BERLIN – Under opposition fire, German Foreign Minister Joschka Fischer admitted on Monday that his ministry erred when it fast-tracked visas for hundreds of thousands of visitors, but said he would only give details at a parliamentary inquiry.

Staff at the German embassies in Kiev and Tirana were sacked for handing out tourist visas improperly to hundreds of thousands of Ukrainians and Albanians seeking illegal work in Germany.

With anti-foreigner sentiment growing in Germany, conservative parties blame the lack of checks on an edict issued in 2000 by the Berlin foreign ministry. Policy was tightened again last year.

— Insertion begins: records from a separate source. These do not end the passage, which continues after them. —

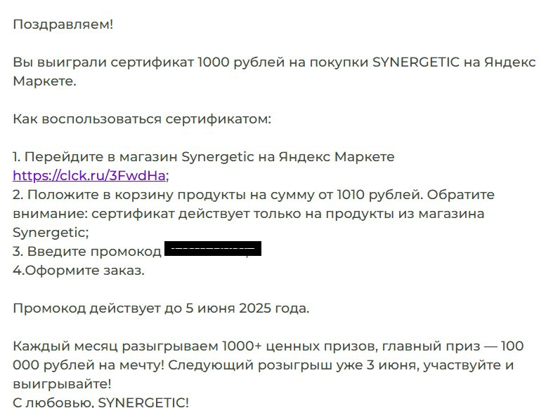 Приз акции Synergetic «Розыгрыш от SYNERGETIC - Май 2025»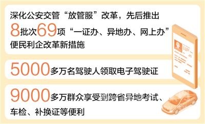 今年12月2日是第十個(gè)“全國交通安全日”,最新數(shù)據(jù)顯示,我國機(jī)動車和駕駛?cè)藬?shù)量持續(xù)增長,目前機(jī)動車保有量已達(dá)3.93億輛,駕駛?cè)诉_(dá)4.79億人。面對道路交通大發(fā)展的新形勢、人民群眾日益增長的新需求,公安部不斷深化公安交管“放管服”改革,先后推出8批次69項(xiàng)“一證辦、異地辦、網(wǎng)上辦”便民利企改革新措施,為群眾和企業(yè)減少辦事成本800多億元。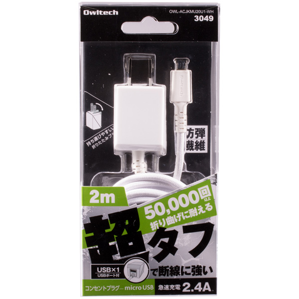 | 商品名 | 高い耐性を誇る新素材のアラミド繊維を採用した超タフmicroUSBケーブル 一体型AC充電器 ホワイト |

“I take political responsibility for possible failures to act and errors by my staff,” said Fischer outside a meeting of top leaders of his Greens party in Berlin. “The principle of ministerial responsibility applies and I stand by my staff.”

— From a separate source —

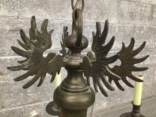 Really funky vintage solid brass 6-arm chandelier with unique geometric shape and 6 feathered wings evoking a humble, many-winged celestial being. Made by Chapman in 1974. One of the wings, which seem to be threaded but were at some point welded on, needs to be re-attached with some JB-Weld or actual soldering (currently has plumbing tape barely holding it in place).

Fischer rejected demands by junior opposition Christian Democrats that he resign, calling this a “power play”.

Social Democratic Chancellor Gerhard Schroeder spoke out in support of his Foreign Minister, who is also deputy chancellor.

“If the opposition think they can pull down Fischer, they are making a huge miscalculation,” he said. “Joschka Fischer has my complete confidence and my full support and has the support of the whole coalition.”

Fischer said he was willing to testify immediately to a parliamentary committee appointed to investigate the scandal, and would cite all the occasions when Christian Democrat lawmakers had appealed on behalf of constituents for more visas to be issued.

Christian Democrat leader Angela Merkel said she was not satisfied with Fischer’s statement and the Bundestag inquiry would continue “step for step”.

News reports say the Kiev embassy for a time was issuing 20,000 visas a month, with prostitution rings and people smugglers taking advantage of the opening to spirit illegals into the whole European Union.

But the foreign minister denied Monday that the 2000 edict had led to the “events in Kiev”. Easier visas had been introduced by a Christian Democrat government before Fischer and Schroeder took power in 1998, he said.

Pressure on Fischer increased Friday when former state minister Ludger Volmer stepped down from his current post as Greens foreign policy spokesman. Volmer, who had signed the edict while he was deputy to Fischer at the ministry, has taken most of the heat.